● **DATA FOR THE TASK**:
===

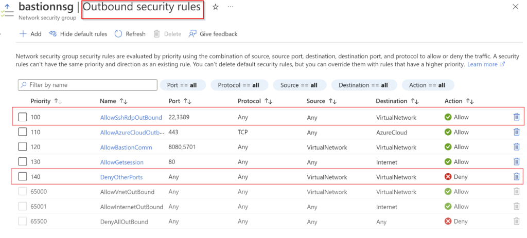 You can limit port access by only providing access to port 22/3389 outbound from Bastion hosts. To restrict port access, you must deploy the following NSG rules on your AzureBastionSubnet to allow access to select ports and deny access from any other ports. Do that by creating a new NSG, define outbound rules as shown in the image, and attach that NSG to the subnet there you deployed Azure Bastion instance.
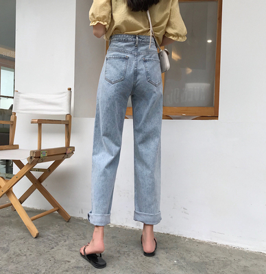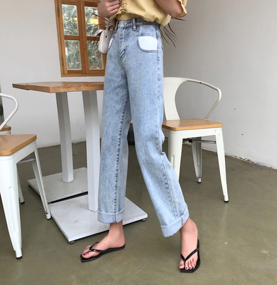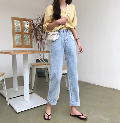 Real-price summer new Panya with high waist, straight barrel, wide legs and loose CEC student BF pants
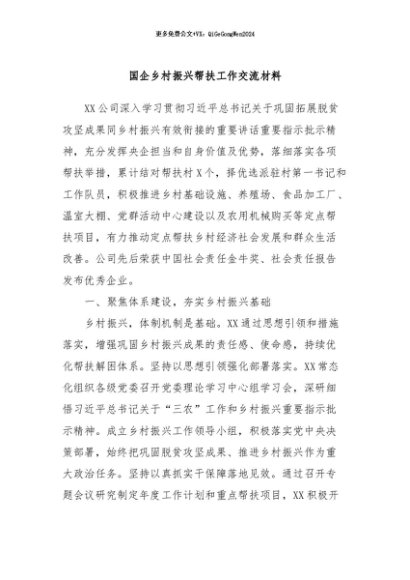 / 【七哥公文】2024年:国企乡村振兴帮扶工作交流材料+更多免费公文+VX:QiGeGongWen2024
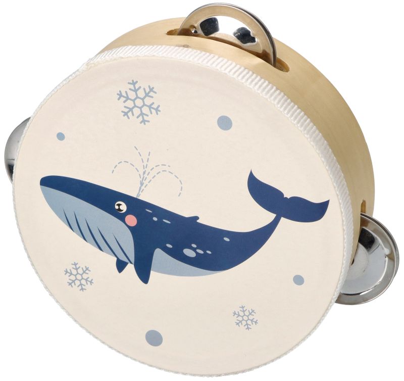 Tamburyn z trzema dzwonkami na drewnianej ramie. Biała membrana z granatowym wielorybem sprawia, że wygląda prześlicznie, a całości dopełniają śnieżynki i kropeczki.
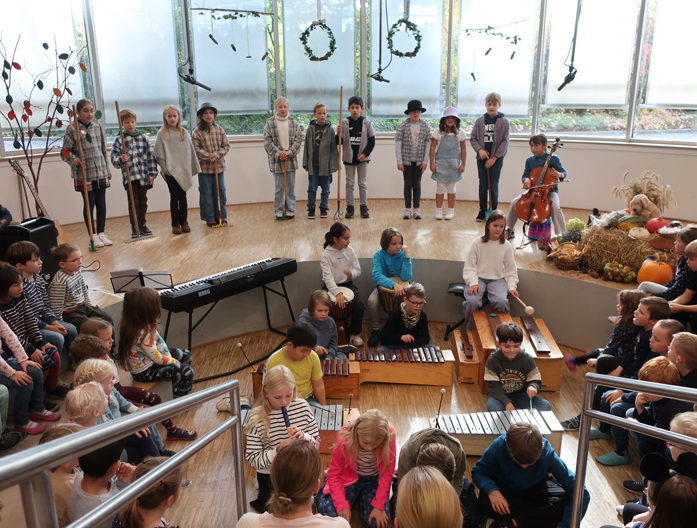 Das einstündige Programm hatten die Klassen 4 und 1 vorbereitet. Für die Erstis ein besonders spannender Moment, da sie zum ersten Mal auf der großen Bühne im Forum standen. Und das Forum war richtig voll, denn vor dem Herbstfest waren viele Eltern bereits zum Ernte-Dank-Frühstück in die Klassen gekommen. Danke für die Unterstützung dabei!

===

● **EXERCISE DESCRIPTION**:
Could you return exactly the lines starting with the one that contains "Real-price summer new" and ending with the last line of the data above? Leave the pictures out.

● **RESULT OF THIS TASK**:
 Real-price summer new Panya with high waist, straight barrel, wide legs and loose CEC student BF pants
 / 【七哥公文】2024年:国企乡村振兴帮扶工作交流材料+更多免费公文+VX:QiGeGongWen2024
 Tamburyn z trzema dzwonkami na drewnianej ramie. Biała membrana z granatowym wielorybem sprawia, że wygląda prześlicznie, a całości dopełniają śnieżynki i kropeczki.
 Das einstündige Programm hatten die Klassen 4 und 1 vorbereitet. Für die Erstis ein besonders spannender Moment, da sie zum ersten Mal auf der großen Bühne im Forum standen. Und das Forum war richtig voll, denn vor dem Herbstfest waren viele Eltern bereits zum Ernte-Dank-Frühstück in die Klassen gekommen. Danke für die Unterstützung dabei!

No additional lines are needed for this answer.